• HOW TO COMPLETE THIS TASK:
Nothing except the pictures should be left out when you reproduce the listing exactly.

• INFORMATION SHOWN:
::::
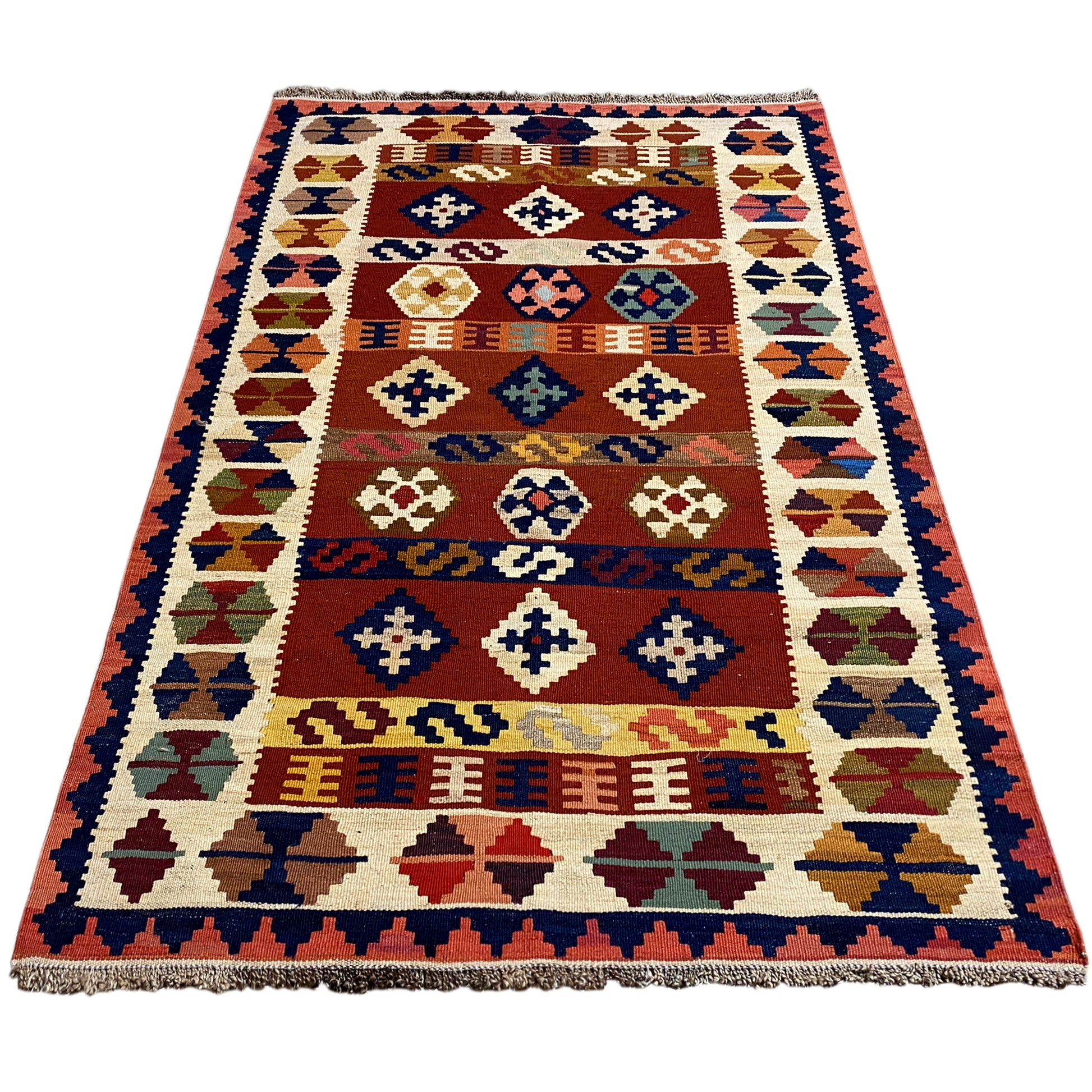 この手紡ぎの羊毛で手織りされたケリム・カシュカイ絨毯は、鮮やかで多色使いのデザインが特徴で、幾何学的な菱形模様やトライバルパターンが豊富に施された赤を基調とした中央部分が目を引きます。サイズは177x118cmで、ボヘミアン、トライバル、または伝統的なスタイルの空間に、本物らしい色彩豊かなアクセントを加えるのに最適な丈夫な平織り絨毯です。細部にわたる職人技、自然素材、耐久性が際立ち、どんな家にも温かみと個性をもたらします。
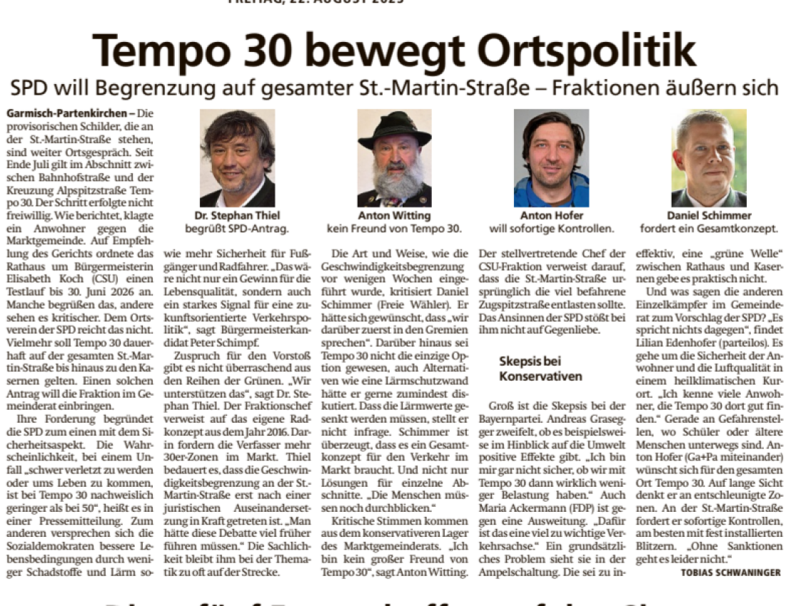 Die SPD Garmisch-Partenkirchen fordert Tempo 30 auf der gesamten St.-Martin-Straße, um den Straßenverkehr sicherer für Fußgänger und Radfahrer zu machen.
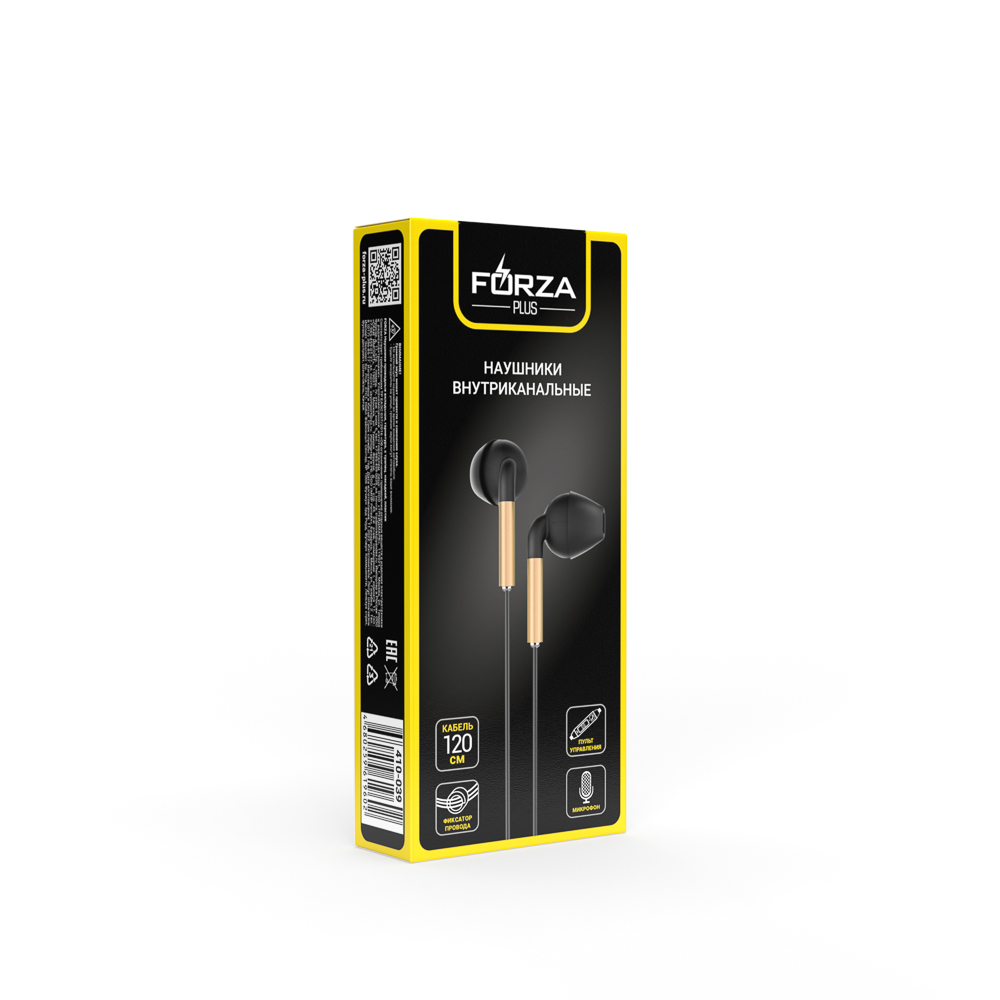 FORZA Наушники проводные вкладыши, гарнитура, с трапец. насадкой, пластик
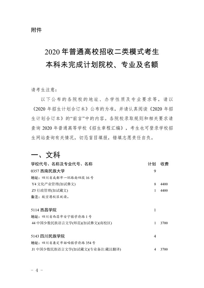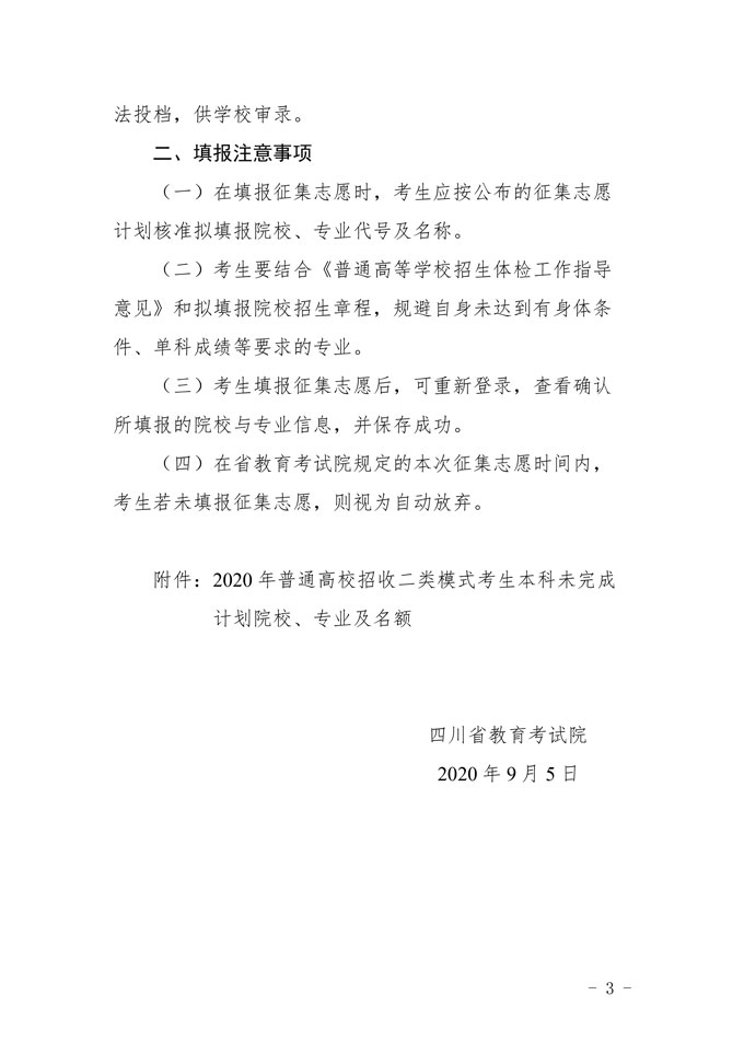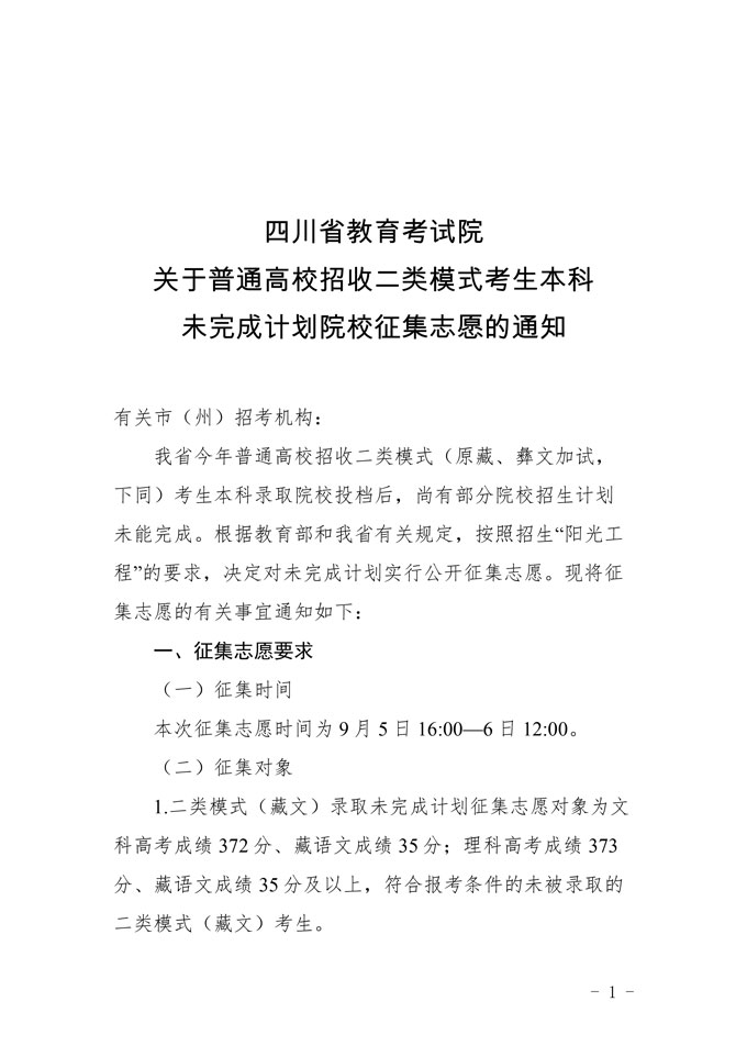 关于普通高校招收二类模式考生本科未完成计划院校征集志愿的通知
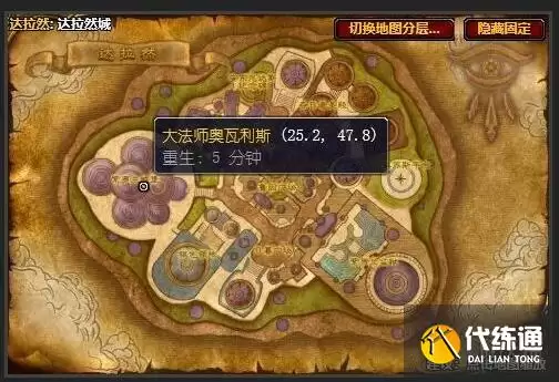 军需官大法师奥瓦利斯位于达拉然城的紫罗兰城堡内部。使用坐标插件可以精确定位到(25.2, 47.8)这个位置,助你快速抵达。
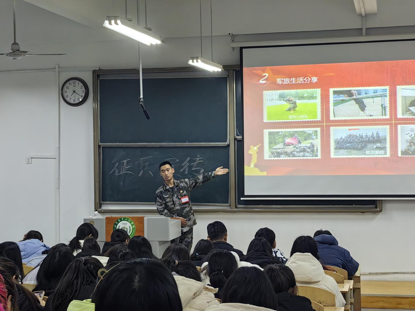 针对2024届毕业生,在全校范围内开展征兵宣传专题宣讲会。宣讲员们讲述了自己在军队中的生活,表示这段经历非常有意义且令人难忘,成为了人生中最宝贵的财富,他们更加懂得了作为中国军人的责任和担当、牺牲和奉献。他们在现场对报名程序进行了演示,认真解答同学们对征兵政策的疑问,帮助有意向参军的2024届毕业生更加全面地了解征兵流程和条件,有效地鼓励了更多优秀青年投身于国防事业,为国家安全和社会发展作出贡献。
::::
• REPLY TO THE EXERCISE:
 この手紡ぎの羊毛で手織りされたケリム・カシュカイ絨毯は、鮮やかで多色使いのデザインが特徴で、幾何学的な菱形模様やトライバルパターンが豊富に施された赤を基調とした中央部分が目を引きます。サイズは177x118cmで、ボヘミアン、トライバル、または伝統的なスタイルの空間に、本物らしい色彩豊かなアクセントを加えるのに最適な丈夫な平織り絨毯です。細部にわたる職人技、自然素材、耐久性が際立ち、どんな家にも温かみと個性をもたらします。
 Die SPD Garmisch-Partenkirchen fordert Tempo 30 auf der gesamten St.-Martin-Straße, um den Straßenverkehr sicherer für Fußgänger und Radfahrer zu machen.
 FORZA Наушники проводные вкладыши, гарнитура, с трапец. насадкой, пластик
 关于普通高校招收二类模式考生本科未完成计划院校征集志愿的通知
 军需官大法师奥瓦利斯位于达拉然城的紫罗兰城堡内部。使用坐标插件可以精确定位到(25.2, 47.8)这个位置,助你快速抵达。
 针对2024届毕业生,在全校范围内开展征兵宣传专题宣讲会。宣讲员们讲述了自己在军队中的生活,表示这段经历非常有意义且令人难忘,成为了人生中最宝贵的财富,他们更加懂得了作为中国军人的责任和担当、牺牲和奉献。他们在现场对报名程序进行了演示,认真解答同学们对征兵政策的疑问,帮助有意向参军的2024届毕业生更加全面地了解征兵流程和条件,有效地鼓励了更多优秀青年投身于国防事业,为国家安全和社会发展作出贡献。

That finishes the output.